A motley collection on the Motherland

Historian and Trinamool MP Sugata Bose puts together scholarly papers, his Lok Sabha speeches, newspaper articles, book reviews, and a lecture in his take on nationhood.
Image for representational purpose
Image for representational purpose

This should have been a slimmer book, or two different books. Sugata Bose is a respected historian and academic, now Professor (on leave) from Harvard University. He is the author of several books and papers.
There is no objective truth about history. Perceptions are a function of the subjective prism one uses. That’s the nature of the discipline (as with other social sciences) and historians have differing points of view.

It is possible to appreciate Sugata Bose’s work on agrarian Bengal or trade along the Indian Ocean, without necessarily agreeing with everything. The blurb on the jacket describes Sugata Bose as a historian and an academic.

This book is a motley collection. It has five papers (all published earlier), one lecture (due to be separately published), two newspaper articles, two book reviews and six Lok Sabha speeches. There are books and books. Rarely do academic-style papers mesh well with newspaper columns. Sugata Bose has a coherent view on nationalism, perceptions of the nation as a mother, Aurobindo’s thought, colonial perspectives and so on.  Therefore, despite being published earlier, those five papers are scholarly and make for good reading.

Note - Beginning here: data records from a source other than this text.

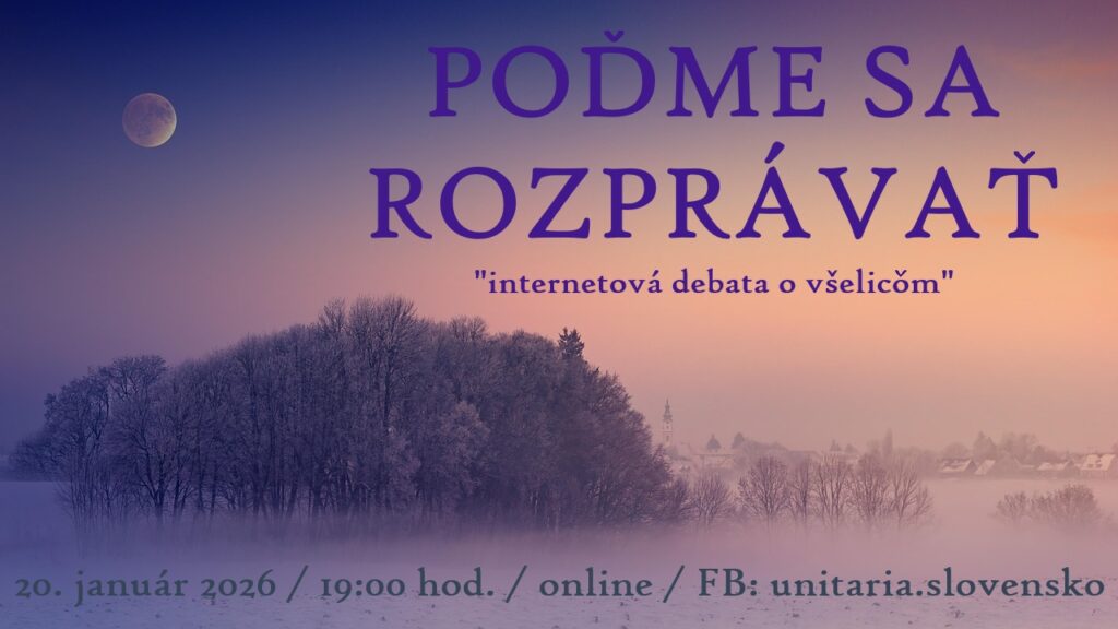 Milí/é priatelia/ky, prijmite pozvanie na prvé verejné unitárske online stretnutie. Nie všetci máme vo všetkom jasno, nie všetci všetkému rozumieme. Sme ľudia rôznych náboženských vyznaní, máme vlastné názory, žijeme rozličné životy. A predsa nás niečo spája. Budujeme vzájomné priateľské vzťahy, pomôžeme ak je treba, smejeme sa, rešpektujeme a ctíme si jeden druhého. Unitárstvo ponúka široký priestor pre vlastný osobný rast. Ponúkame priestor a spoločne s vami budeme hľadať odpovede na otázky, ktorým možno nerozumieme.
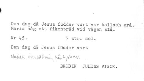 //// ) i //// Den dag då Jesus födder vart var kallach grå. //// Maria såg ett fikonträd vid vägen stå. //// Nr 45. 7 str. mel. //// Den dag då Jesus födder vart //// BRODIN JULENS VISOR. ////
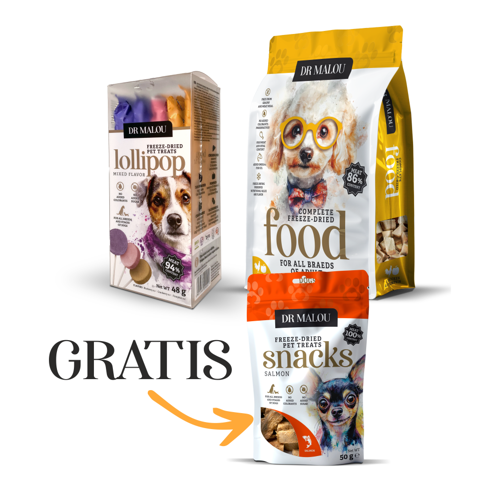 Zestaw łączy w sobie pełnowartościową karmę, funkcjonalne przysmaki i dodatkowy prezent, dzięki czemu Twój pies zyska zdrową dietę i mnóstwo radości każdego dnia.
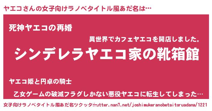 | 男性向けラノベタイトル風あだ名 | 『緋弾のヤエコ』『魔弾の王とヤエコ』 |
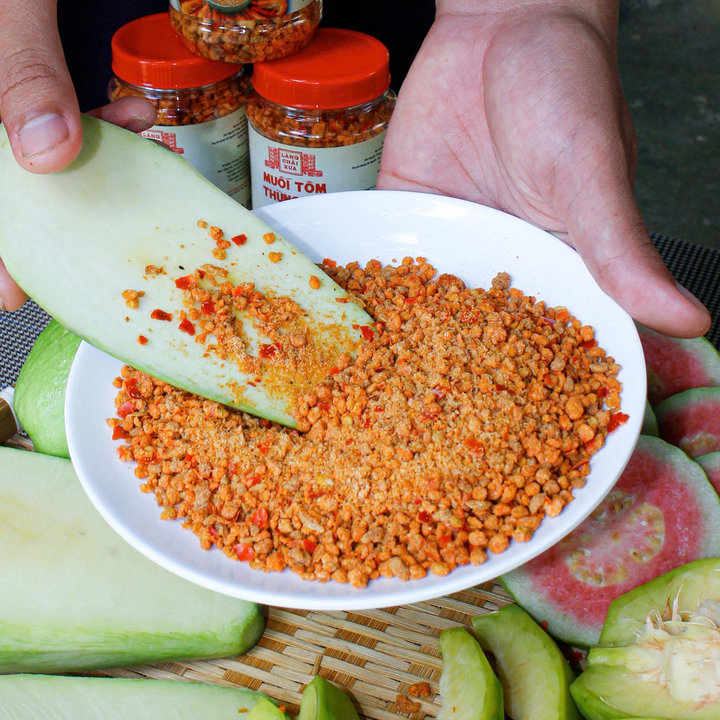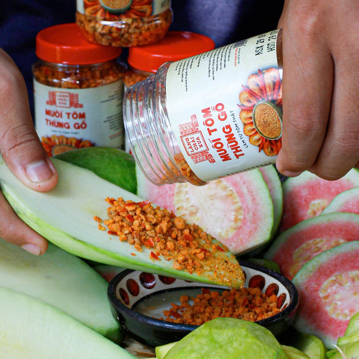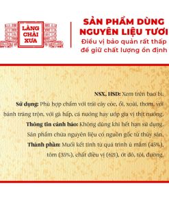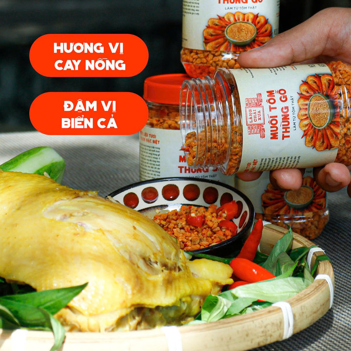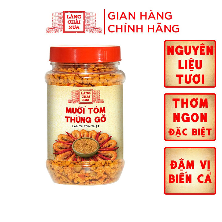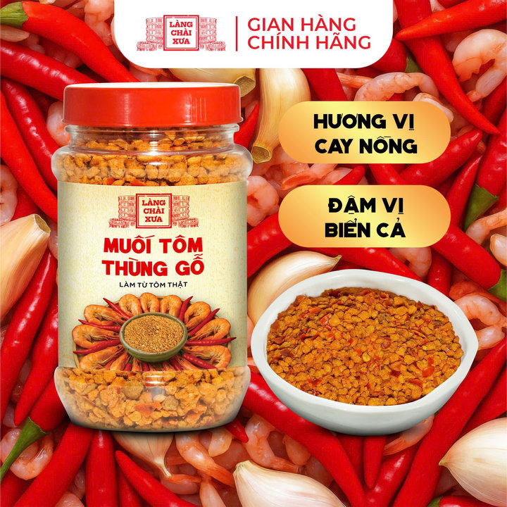 – Muối tôm thùng gỗ Làng Chài Xưa rất thơm ngon, muối kết tinh từ thùng lều gỗ truyền thống, trải qua quá trình ủ chượp nước mắm tỉ mỉ. Những hạt muối được rang sấy cùng tôm khô và gia vị chọn lọc, tạo nên một loại muối chấm đậm vị biển cả, khác biệt hẳn với các loại muối tôm thông thường.
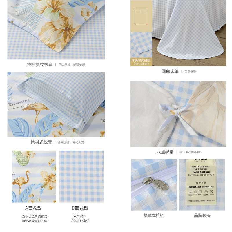 丛林夏梦 床单四件套(被套1件床单1件枕套2件)(适合1.5米床)【纯棉/蓝】 |
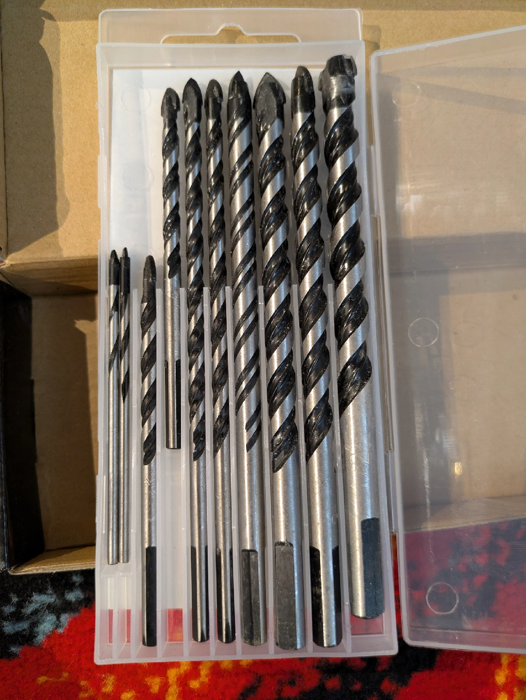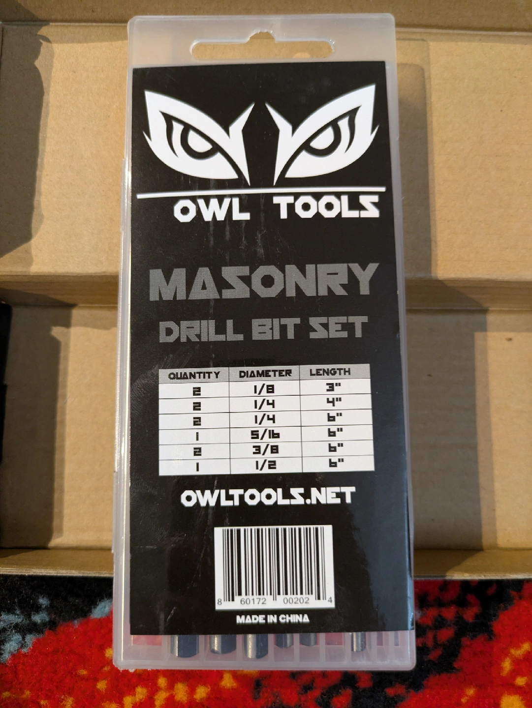 64Selling a brand new OWL TOOLS masonry drill bit set! It comes in its original box and includes a variety of sizes: - 2 x 1/8" diameter, 3" length - 2 x 1/4" diameter, 4" length - 2 x 1/4" diameter, 6" length - 1 x 5/16" diameter, 6" length - 2 x 3/8" diameter, 6" length - 1 x 1/2" diameter, 6" length Perfect for all your masonry drilling needs Pick-up location: 9733 111 St. (Downtown - Oliver Area)
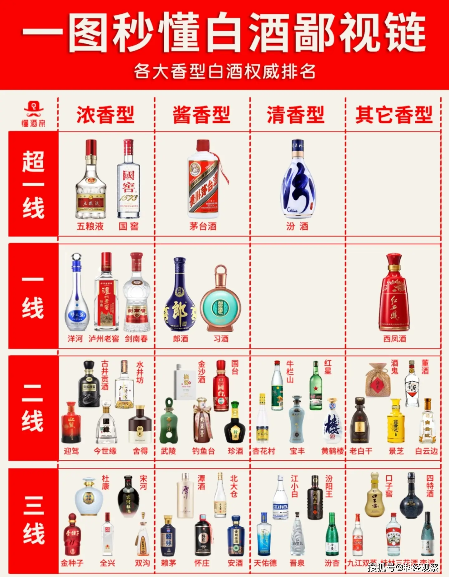 - 清香型:以汾酒为代表,香气“清香纯正,具有乙酸乙酯为主体的优雅、谐调的复合香气”。例如,汾酒产自山西汾阳,历史悠久,曾被列为宫廷御酒。二锅头、红星也属于清香型。
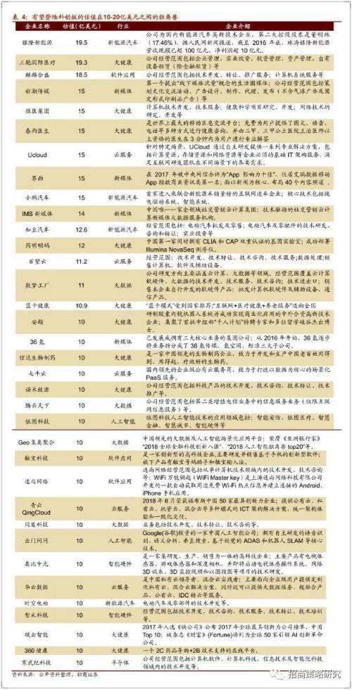 除了这16家以外,估值在10-20亿美元之间的拥有硬科技如新能源、大健康、大数据、云服务、智能硬件、软件应用等行业的独角兽企业,也有望在科创板上市融资,这34家企业总估值为419亿美元。
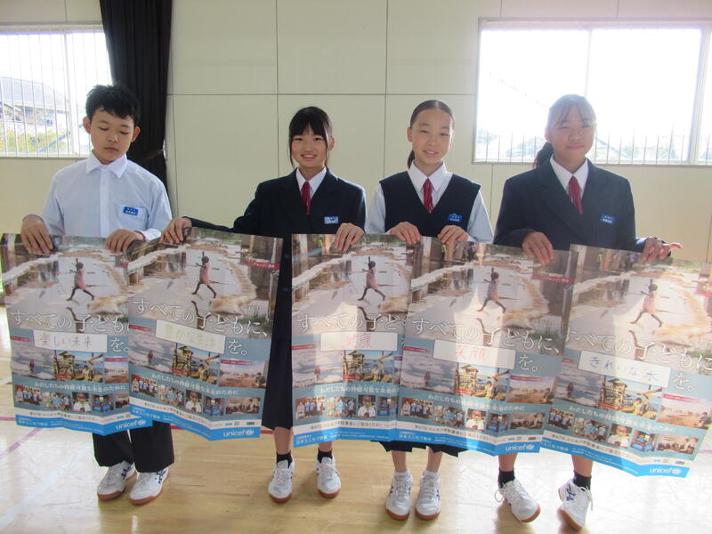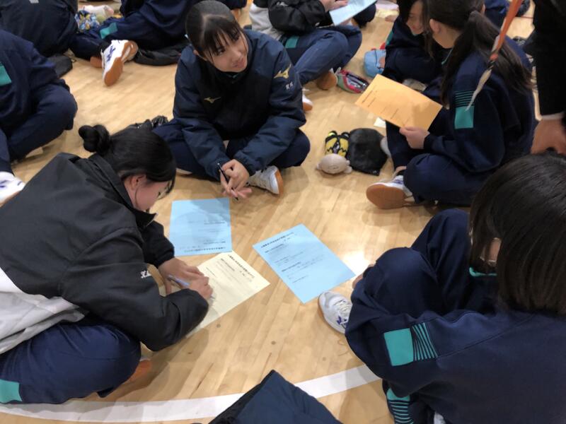 今年は、「公平と公正について」考える時間をとりました。はじめに、人権擁護委員さんから、「平等と公平の違い」や「公平と公正と平等」について説明をしていただきました。そのあと、考えるためのグループワークをして、実際に自分たちで具体例を通して、誰もが納得してハッピーになれるゴールを目指して考える活動をしました。

A decent book consisting of academic-style papers requires something between 12-15 papers. At best, one can throw in a lecture (the B R Nanda one, on unity and partition and Mahatma Gandhi). Thus, Sugata Bose only had six papers worth publishing in that style of book and I think he should simply have waited until he had accumulated enough.

Professor Bose doesn’t urgently need more books for his resume. Alternatively, newspaper columns can also make for good books, as long as they retain topicality. Unfortunately, there were only two of these. And unless they are review essays, book reviews simply don’t belong. The blurb doesn’t mention that Sugata Bose has been a Trinamool Congress MP since 2014, though the Lok Sabha speeches wouldn’t have figured otherwise.

The Introduction states, “From 2014 to 2017 I have had the rather unusual anthropological experience of being a participant-observer in the maelstroms of India’s democratic politics as a member of the Lok Sabha representing the Jadavpur parliamentary constituency…. Speaking in the Lok Sabha often felt like teaching an MOOC, or a Massive Open Online Course.”

“Anthropological” and “teaching” are expressions that have a touch of supercilious disdain about them. Rarely, there are books consisting of excellent speeches delivered by Parliamentarians. The six Lok Sabha speeches included are not in that class.

In any event, Lok Sabha speeches do not belong in a book that has a different kind of core. What was the rush to bring out this motley collection? Perhaps the Introduction offers a clue. “These efforts to rescue nationalism from the chauvinists and religion from the religious bigots seemed to find some resonance even if it is not clear whether the plea for cultural intimacy among India’s diverse communities will succeed in the current atmosphere of unreason and inhumanity.”

The core of the book is academic and these are an academic’s words and language. Indeed, the language is a bit too academic. But this illustrates why this book falls between two stools. An academic has been hijacked by a political party’s agenda and therefore published a hastily-produced book.

Should you read the book? The answer depends on which face of Janus you possess. The academic will like the first part, though the aware academic will already have read these papers. The Trinamool MP, MLA or supporter will love the second part.

In fairness, I should tell you there is a laudatory quote from Amartya Sen, describing this book as “a wonderful vision for a better and united India based on insightful historical analysis”. And yes, a Bengali will appreciate some of the nuances better.